No one talks to me like this—not even my father dares anymore. But why am I surprised that Giulia Montanari, a woman who travels without security despite the risks, is reckless? Why should I expect her to have any self-preservation now?

“You’re really willing to get on that plane?” I ask, my voice low. “How do you know there isn’t a ticking time bomb on it, ready to blow you to pieces at thirty thousand feet?”

“I’ll take my chances,” she says with a saccharine smile, brushing past me.

Dealing with Giulia Montanari is the surest way to die of heart problems before thirty. When she steps around me, I decide I’ve had enough. If she wants to act like a child, I’ll treat her like one.

Before she can react, I grab her waist and sling her over my shoulder.

Her outraged gasp nearly makes me laugh. “You asshole! Put me down!” She beats her fists against my back. “Help! Someone help me! I’m being kidnapped!”

Tommaso clears his throat, failing miserably to hide his amusement. “What about him?” he asks, nodding toward the restrained shooter.

“You know what to do.”

In a flash, he draws his gun, turning to face the assailant, and fires without hesitation. Straight in the middle of his forehead. The man’s body collapses to the ground with a dull thud, blood pooling beneath him.

The gunshot sound makes Giulia go silent for a second, but the silence doesn’t last; in fact, her screams and struggle to wiggle out of my hold only triple after the man drops dead.

“Take care of the witnesses,” I order Tommaso. “Bribe them, threaten them—whatever it takes. No one talks to the cops.”

“Yes, boss,” Tommaso replies smoothly.

“You murderous Neanderthal!” Giulia screams, thrashing against me. “Put me down! I’m not a bag of flour you can just carry off! My father and grandfather will find me, and you’ll regret this.”

Her words hit me like a bolt of electricity. I’m familiar with Enrico Montanari; in fact, I think I may have spoken to him once or twice indirectly at a function, but then there’s her grandfather. Lucio Sanna? As far as I know, the old man hasn’t set foot on American soil in decades.

“I’m not kidnapping you, settle down,” I bark, climbing up into my plane. I buckle her into the seat facing mine. “Don’t bother trying to run, Giulia. You can’t slip through all my men, and I’m hoping you won’t try.”

She glares at me, her pink lips pressed into a defiant line. I try to ignore how striking she looks, even with her hair disheveled and her eyes blazing with fury.

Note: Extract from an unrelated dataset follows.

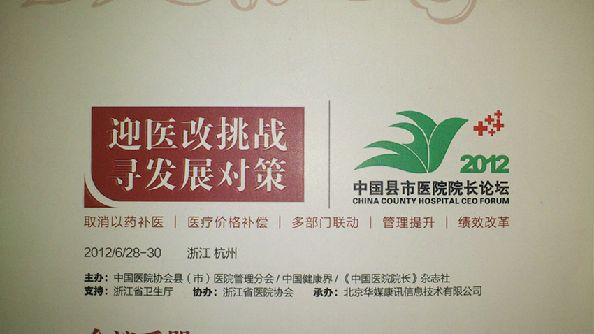 由中國(guó)醫(yī)院協(xié)會(huì)縣市醫(yī)院管理分會(huì)主辦的,迎“醫(yī)改挑戰(zhàn),尋發(fā)展對(duì)策”的會(huì)議在浙江杭州美麗的太虛湖酒店召開(kāi)了。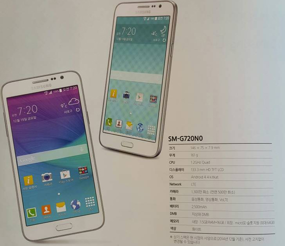 문건에 따르면 '갤럭시그랜드 맥스(SM-G720N0)'는 크기가 146 x 75 x 7.9mm, 무게는 161g이며 5.2인치 HD 화면, 1.2기가헤르츠(GHz) 쿼드코어 프로세서, 안드로이드 4.4 킷캣, 1300만 화소 후면 카메라(전면: 500만 화소)를 탑재했다.

I don’t want to spend this journey keeping a close eye on her. I want to try to figure out what Father’s playing at before I walk into his study.

As we take off, I lean back in my seat, pretending to relax. But my mind is racing, in our line of work, trying to unravel my father’s twisted plans. This isn’t just about family grudges anymore. In our world, even if you want to keep women and children out of the fight, the bloodshed always touches them in the end.

The point is, I’ll never hold a gun to a woman or a child. That’s not something I’m willing to do—not even for my father.

It was naive of me to think he would share the same principles. How is a man who never cared a damn for his own wife magically supposed to develop a conscience for someone else’s innocent relative?

I try to get someone to look at her arm as soon as the plane takes off, but to my surprise—and suspicion—she insists on doing it herself. And she does it well. Too well. Her hands are steady, movements precise, as though she’s done this before.

For the rest of the flight to Chicago, a thick silence wraps around us. She glares at me. I pretend not to notice, but my focus keeps drifting back to her, and I can’t seem to help myself.

I shouldn’t be looking at her, but there I am, watching how the light plays off her shiny, dark hair, how her eyes shift from green to gold like sunlight over a forest. I note the curve of herlips, the way her upper lip is just a little fuller than the bottom, setting her mouth into a permanent, unintentional pout.

All these years, I’ve fought against the urge to seek her out, to remind her about the scarred boy from the orchard, even though I know she’s the enemy.

It turns out, I wouldn’t have had to remind her. She hasn’t forgotten. But it doesn’t matter. Unfortunately, it still doesn’t change the fact that we may as well be worlds apart.

Eventually, she breaks the silence. “What happened today?—”

“I had nothing to do with that.”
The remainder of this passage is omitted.